Няня возилась на кухне, гремела чем-то. Малышка была в гостиной, лежала на развивающем коврике, который в силу возраста ей пока не особо интересен, и исполняла свою тоскливую арию. Я отвела взгляд — мне это не нужно. Вошла в кабинет.

Здесь сумрачно — жалюзи опущены. Немного пыльно. На столе громоздятся кипы бумаг. Посередине комнаты, на ковре брошенная ручка. Я подняла ее и положила на стол. Затем нашла факс. Внимательно изучила документ — все, что касалось моего сына, касалось и меня. Мне он ни о чем не говорил, просто столбики цифр, слова, человеку далекому от медицины больше напоминающие тарабарщину на чужом языке. Огляделась, нашла стопку документов в пластиковой папке, вытряхнула их — нашей бумажке защита нужнее. Вдруг в ней что-то предельно важное?

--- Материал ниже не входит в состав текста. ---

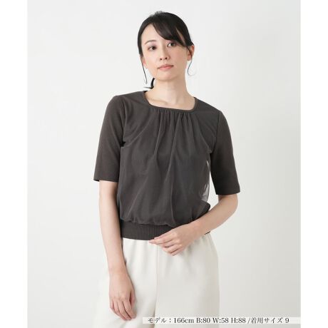 フロントに重ねた繊細なチュールが柔らかなニュアンスを添える、「BOURGE」のニットトップス。広めに開いたネックラインがデコルテを美しく引き立て、五分袖のシルエットが手元にエレガントな抜け感を演出します。やや薄手ながらしなやかな伸縮性を備えているため、身体に優しくフィットしつつストレスフリーな着心地を実現。裾のリブが全体を端正にまとめ、一枚着でもインナーでも品良く映える洗練された佇まいに仕上げました。

Вышла и осторожно прикрыла за собой дверь. Но тишину соблюдать не было никакой нужды. Катя перестала плакать, но не уснула. Смотрела в одну точку на потолке. Лицо красного цвета — видимо рыдала долго. На щеках подсыхающие дорожки слез.

Я шагнула, она меня увидела, уставилась на меня уже, и снова скривилась, собираясь плакать. Мне чужие дети не нужны. Но… Катю было остро жаль. Она вдруг показалась мне сиротой, опять же — никому не нужной. Под ее тоскливый плач я решительно прошла на кухню. Няня была занята тем, что мыла бутылочки — их перед ней стояла уже целая батарея, начищенных, до блеска.

— У вас ребенок плачет, — сказала я.

— Я знаю.

— И вы ничего не сделаете?

Женщина повернулась ко мне и отставила очередную, не домытую, в пене бутылочку.

— Это не ваше дело, — ответила она.

Она права — не мое. Но меня захватила ярость. Злость. А еще — обида. Ей, блять, деньги платят, этой женщине. А для облегчения мытья бутылок стерелизатор есть.

Я решилась уйти, вышла в коридор. Тем более Катя снова плакать перестала, но теперь ее молчание казалось мне обреченным. Словно она поняла, что ничего хорошего от жизни ждать не стоит. И я вернулась в гостиную, взяла ребенка на руки. Она горько всхлипнула, взмахнула крошечным кулачком, повернулась, отыскивая мое лицо взглядом.

— Положите ребенка на место, — сказала няня. — Иначе я вызову полицию.

— Она плакала.

Теперь — не плачет. Я чувствую, как бурно вздымается грудная клетка — ребенок никак не может успокоиться. Снова вспомнила про Илью, который орал не обреченно. Он орал — уверенно. Требуя. И он знал, что к нему придут, на руки возьмут, утешат.

— Не воображайте себя спасительницей сирот, — сказала женщина. — Катя сыта, на ней чистый памперс, она здорова. Через полчаса мы пойдем гулять. С ребенком все хорошо.

— Но она же плакала, — снова беспомощно сказала я.

Женщина устало вздохнула. Она была гораздо меня старше, скорее, отца ровесница. Советская закалка. Наверное, она и правда хорошая няня. Исполнительная. А я — слишком мягкая.

— Я более тридцати лет занимаюсь детьми. Поверьте, я знаю о них все, от и до. Ни один из моих работодателей еще не отказался от моих услуг. И да, может по вашему я жестока. А вы считаете правильным, приучать к тактильной зависимости ребенка, который при живых родителях растет, как сирота?